The main Solution.findDuplicate method is the one that matches the strongest version of the problem. The binary-search helper is included because it is a realistic alternative an interviewer may ask about once the primary solution is done.

Interview follow-ups

Why does Floyd’s algorithm work on an array instead of a linked list?

The trick is that the array is only pretending to be an array problem. Each value acts like a next pointer, so the structure behaves exactly like a linked graph where every node has one outgoing edge. Since the values are constrained to 1..n, following pointers never leaves the valid range. The duplicate creates a merge, and that merge forces a cycle. Floyd’s algorithm only needs a deterministic “next” operation, so it works here just as well as it does on an actual linked list. The payoff is O(n) time and O(1) extra space.

What if modifying the array were allowed?

Then the solution space becomes much simpler. One common option is cyclic placement: keep swapping each value toward its “correct” index until a value wants to go to a position that already contains the same number. That repeated value is the duplicate. Another common option is to sort in place and scan for equal neighbors. Both approaches are easier to explain than Floyd’s algorithm, but they violate the original constraint because they mutate the input. Their main tradeoff is simplicity versus preserving the array exactly as given.

What if the cycle trick does not come to mind during the interview?

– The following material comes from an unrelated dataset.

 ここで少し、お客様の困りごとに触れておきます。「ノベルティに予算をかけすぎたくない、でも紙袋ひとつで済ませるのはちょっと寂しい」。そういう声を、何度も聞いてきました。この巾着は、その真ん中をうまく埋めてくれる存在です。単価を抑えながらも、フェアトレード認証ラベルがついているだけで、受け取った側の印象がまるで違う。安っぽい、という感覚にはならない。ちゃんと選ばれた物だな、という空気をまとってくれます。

The best fallback is binary search on the value range. For any midpoint mid, count how many numbers are <= mid. If that count is greater than mid, the duplicate must lie in the lower half by the pigeonhole principle; otherwise it lies in the upper half. This approach still uses constant extra space and keeps the array unchanged, which makes it a strong answer. The tradeoff is runtime: it takes O(n log n) instead of O(n).

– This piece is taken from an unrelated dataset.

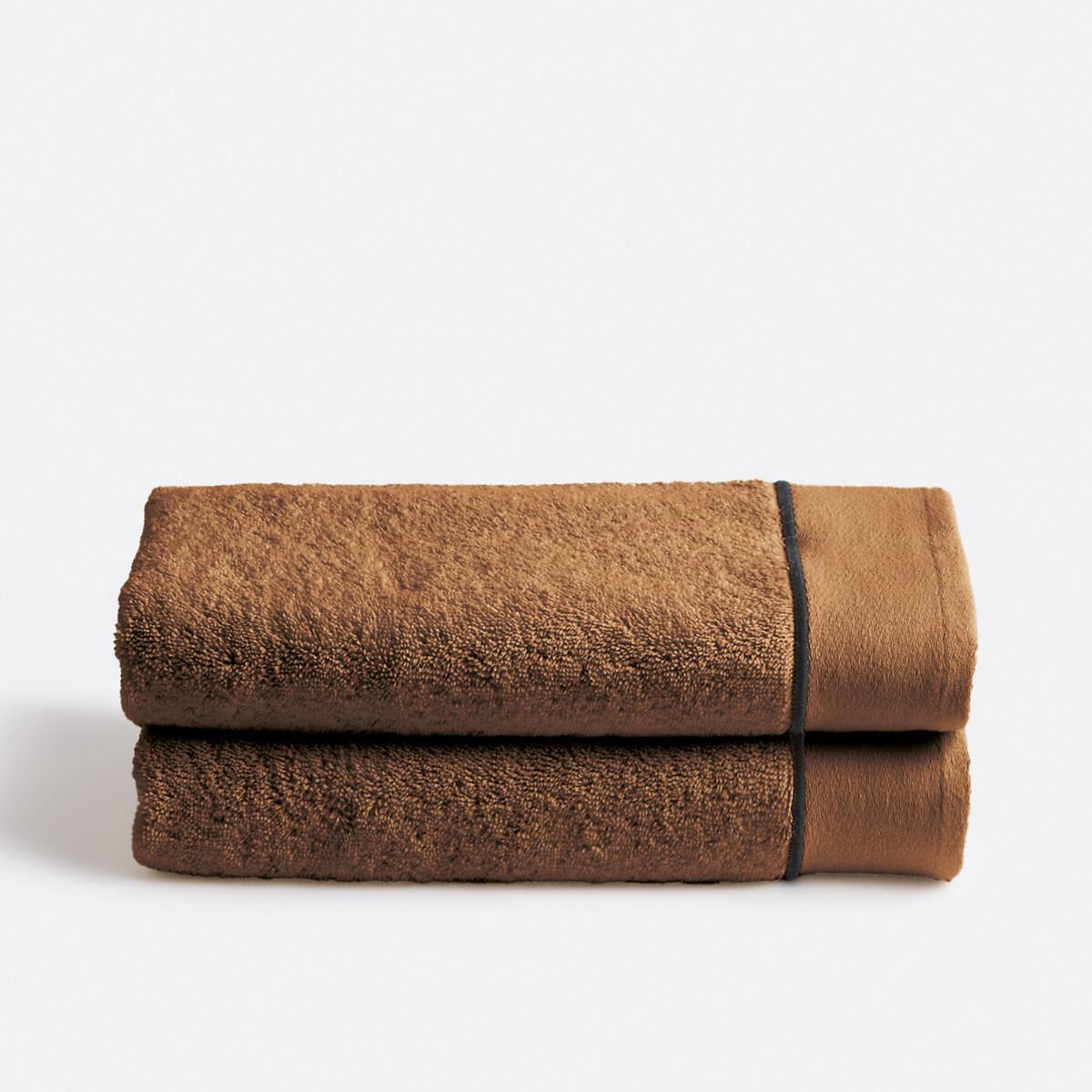 Esthétique chic pour le lot de 2 serviettes de toilette Victor en éponge de coton peigné. Finition par point bourdon contrastant et liteau tissé. Une création d'éponge signée La Redoute Intérieurs. Fabriqué au Portugal.

What if there can be multiple distinct duplicate values instead of exactly one?

Then the elegant cycle-entry interpretation breaks down, because the problem is no longer guaranteed to collapse into one well-defined entrance that represents the single answer. At that point the right approach depends on which constraints remain. If modifying the array is allowed, sign marking or cyclic placement can report duplicates efficiently. If the array must stay unchanged, a hash set is the most direct solution, but it costs O(n) extra space. This is a good follow-up because it tests whether the candidate understands exactly which assumptions make the Floyd solution possible.

Takeaway

This problem looks like it should be solved with a set, but the interview version is really about recognizing hidden structure.

Once the array is reinterpreted as pointers, the duplicate stops being a counting problem and becomes a cycle-entry problem. That modeling step is the whole interview. After that, Floyd’s algorithm is just the cleanest tool for the job.